En 1965, a través de su negocio de exportación, el empresario y aficionado a la floricultura Edgar Wells envió el primer cargamento de flores cortadas de Bogotá a Miami. Y aunque esto pueda parecer una hazaña ordinaria, junto con otros factores, anunció el nacimiento de la industria floral colombiana. Y, naturalmente, vino la creación de la Asociación Colombiana de Exportadores de Flores, o simplemente Asocolflores.
Asocolflores es la asociación nacional de exportadores colombianos de flores, un gremio que ha dado forma al ascenso de Colombia como uno de los principales proveedores de flores del mundo desde principios de la década de 1970. Representa a los cultivadores, defiende sus intereses y mantiene la sostenibilidad y el progreso social en el centro de la historia de la floricultura del país.
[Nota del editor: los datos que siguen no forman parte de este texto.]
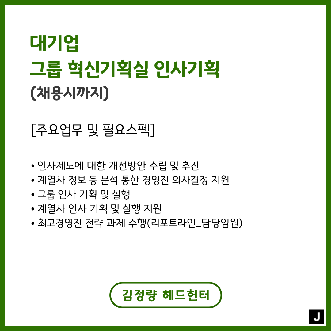 📢 [대기업] - 그룹 혁신기획실 인사기획(채용시까지)

¿Cuál es la historia de Asocolflores?
La industria floral colombiana empezó a despegar a finales de los años sesenta. Empresarios y pioneros de la agricultura se dieron cuenta de que las regiones montañosas del país, en particular la Sabana de Bogotá y la región de Antioquia, cerca de Medellín, ofrecían unas condiciones de cultivo casi perfectas, con temperaturas suaves todo el año, luz ecuatorial y suelos fértiles en altitud.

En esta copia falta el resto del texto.